[Exercise aim]: When you reach the line containing "Transformação em Mini", start transcribing exactly and continue through the last line of the data, skipping every picture.

[Data segment]:

◇ ◇ ◇ ◇ ◇ ◇ ◇

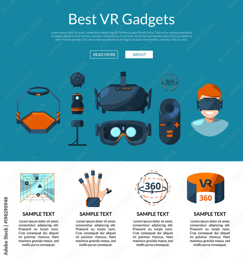 Wall mural : Vector website page template with flat style virtual reality elements
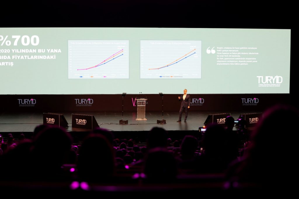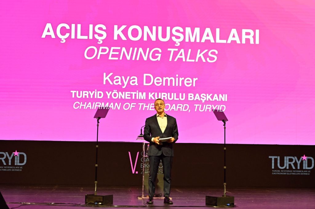 Açılış konuşmasında TURYİD Yönetim Kurulu Başkanı Kaya Demirer, gastronominin artık yalnızca bir keyif alanı değil, milyarlarca dolarlık bir ekonomiyi yöneten stratejik bir sektör olduğunu vurgularken şöyle devam etti: “Coğrafya kaderdir derler. Evet, yaşadığımız zorluklarda coğrafya bir kaderdir belki; ama aynı zamanda gastronomi açısından yaratıcılığın, deneyimin ve çeşitliliğin kaynağıdır. Anadolu’nun bereketli topraklarından Akdeniz’in zeytinliklerine, Karadeniz’in balıkçısından Mezopotamya’nın buğdayına uzanan bu coğrafya, miras olmanın ötesinde aynı zamanda taşıdığımız bir sorumluluk. Gastronomi tabakları aştı. Artık tarlada, denizde, pazarda, kültürde ve hatta politikada şekilleniyor.”
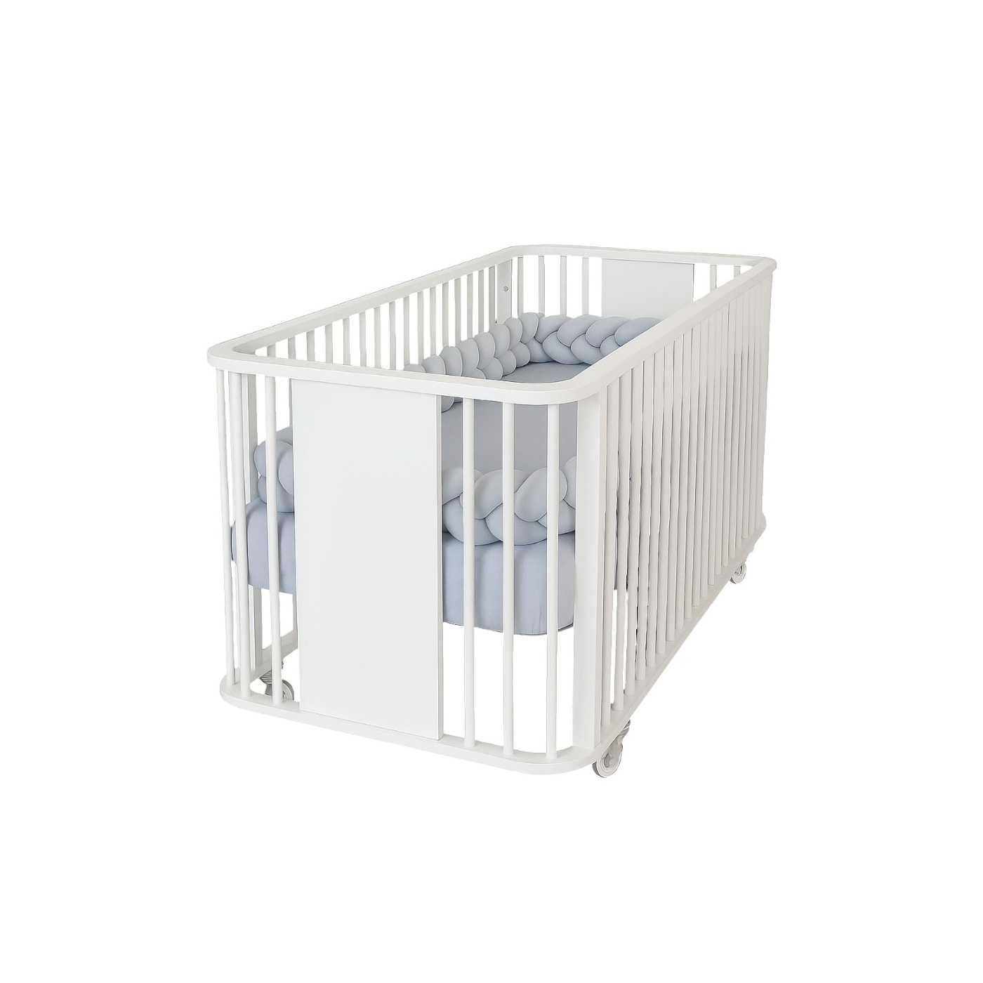 Transformação em Mini Cama: Pensando no crescimento e na transição do seu bebê para uma nova fase, o Berço Kin pode ser facilmente convertido em uma mini cama, acompanhando o desenvolvimento da criança e oferecendo conforto contínuo ao longo dos anos.
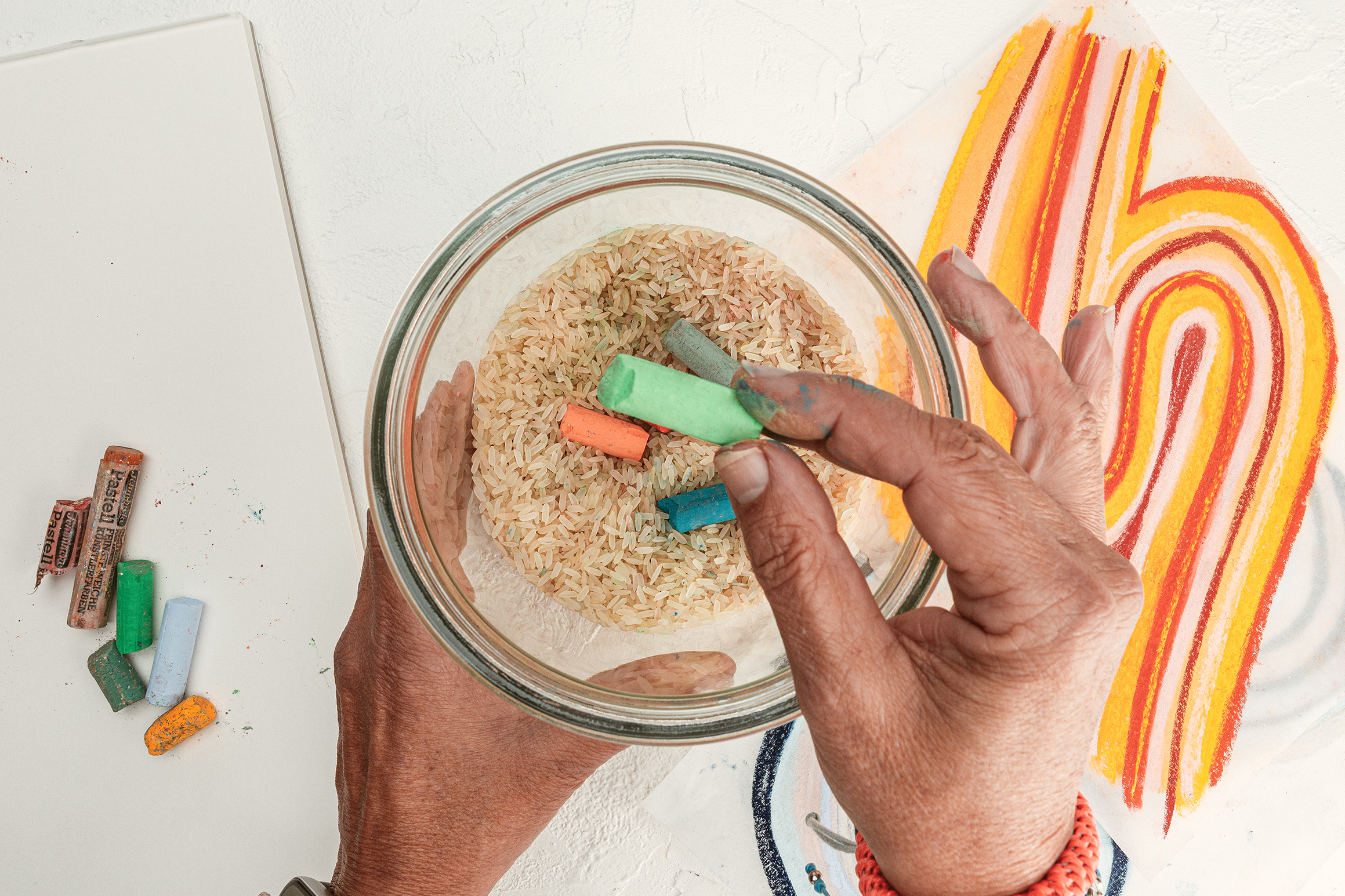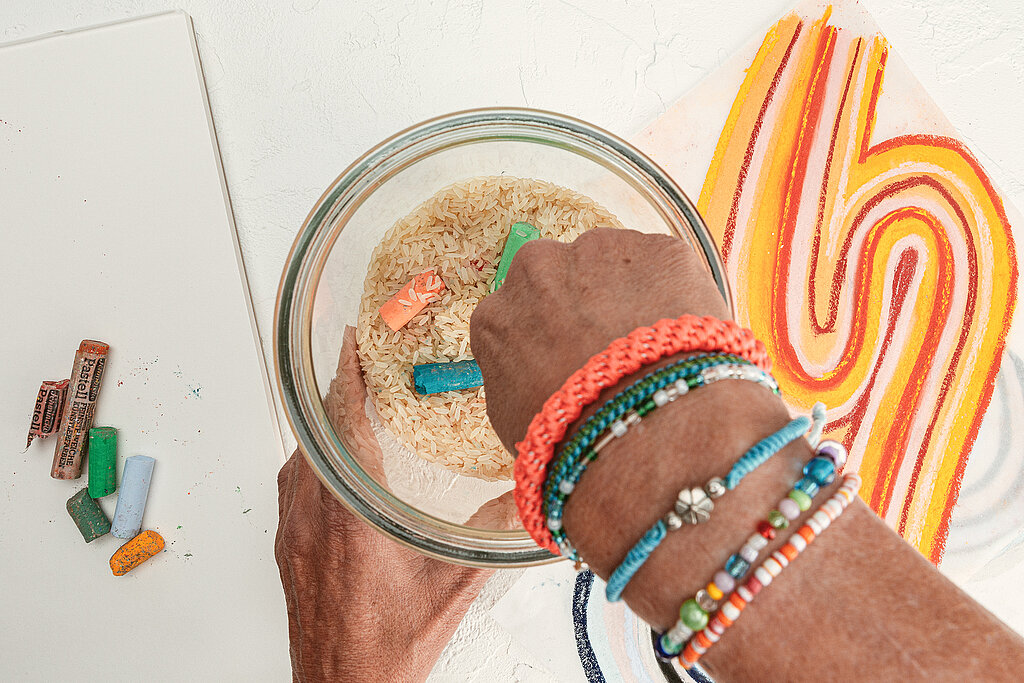 Reinigung: Lege die verschmutzten Pastelle sanft in den Reis und rolle sie dort hin und her. Der Reis nimmt lose Farbpigmente und Staub auf.

◇ ◇ ◇ ◇ ◇ ◇ ◇

[Written reply]:
 Transformação em Mini Cama: Pensando no crescimento e na transição do seu bebê para uma nova fase, o Berço Kin pode ser facilmente convertido em uma mini cama, acompanhando o desenvolvimento da criança e oferecendo conforto contínuo ao longo dos anos.
 Reinigung: Lege die verschmutzten Pastelle sanft in den Reis und rolle sie dort hin und her. Der Reis nimmt lose Farbpigmente und Staub auf.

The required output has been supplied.